It would be helpful if you knew those things and could do them.
Just saying...
Could do them? What, you mean like hang a bag of normal saline? Give someone some Zofran ODT or a Phenergan suppository? Start a line and draw blood? Do some splinting? and take patients up to the telemetry/med surg floor?
These are the thing that you do as a paramedic/ER tech/nurse. At some point, there is a point of diminishing return. And I am not trying to sound condescending to nurses or ER technicians because they are valuable members of the healthcare team. The ER would not function without them.
However, I think scribing differs though. Some people scribe and just go through the motions and learn nothing. They don't take the time to look things up that they see clinically on uptodate.com They don't think about the patient's clinical presentation and put in "dummy" differential diagnoses on the chart based on what is ordered as opposed to thinking about the clinical presentation (for example, they put pneumothorax on anyone receiving a chest xray even though the patient did not sustain any blunt trauma or is not a tall, thin, frail male). They don't ask questions (when it is appropriate).
I was fortunate because the group of doctors that my scribing company works for love to teach. I work full time and usually more than half my shifts are during nights, which can get slow. The doctors love to teach (obviously you don't want to bombard them with questions). If you use the opportunity to its full potential, there is ALOT that you can learn, CLINICALLY. Your are with a doctor ~9 hours! You can learn about different clinical presentations, symptoms, treatment options, dosage of the medications, how to read certain imaging.

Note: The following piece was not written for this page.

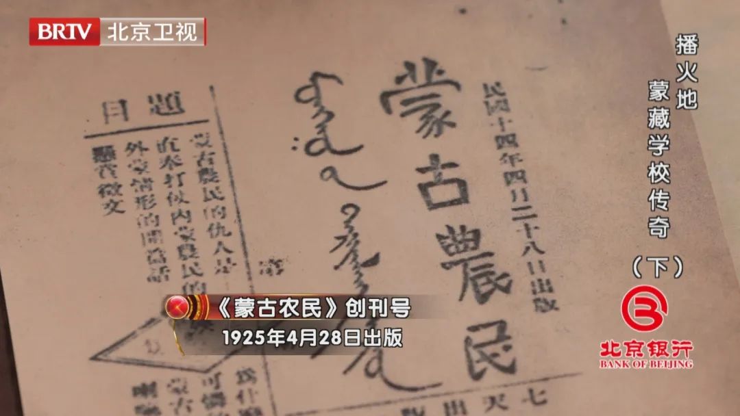 今晚21:05,由北京银行独家冠名播出的《档案》播出《播火地——蒙藏学校传奇》下集,敬请关注!
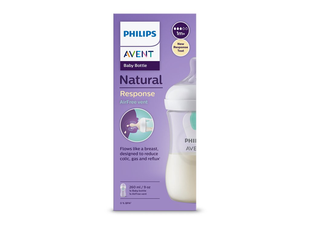 Philips AVENT Láhev Natural Response s ventilem AirFree 260 ml, 1m+dárek PETITE&MARS Miska 6m+

For example, the doctors taught me about someone concerning for a kidney stone
symptoms: include flank pain, usually radiating to back/front abdomen, dysuria, hematuria
exam: CVA tenderness on exam
lab results: moderate to large amount of blood in the UA
For imaging, these patient will have a
noncontrasted CT of the abdomen/pelvis so that the stone "lights" up in the kidney/ureter. A contrasted CT would make it difficult to visualize the stone because the iodine also lights up. They even showed me where the ureter is anatomically and how to follow the ureter down to the pelvis to look for a ureteral stone and evidence of hydronephrosis.
and this is just an example of one type of patient. This happens daily with patients whose complaints range from fever/cough, dizziness, abdominal pain, chest pain ...etc. etc.
Techs/nurses rarely/never get to sit next to a doctor who is willing to go through this stuff with them and explain why certain things are the way that they are (they are just to busy doing other stuff). They don't get to look at imaging with them and show them where things are anatomically and what to look for. So, to the person who said that being a paramedic is a better learning experience than scribing for medical school, I would very politely disagree.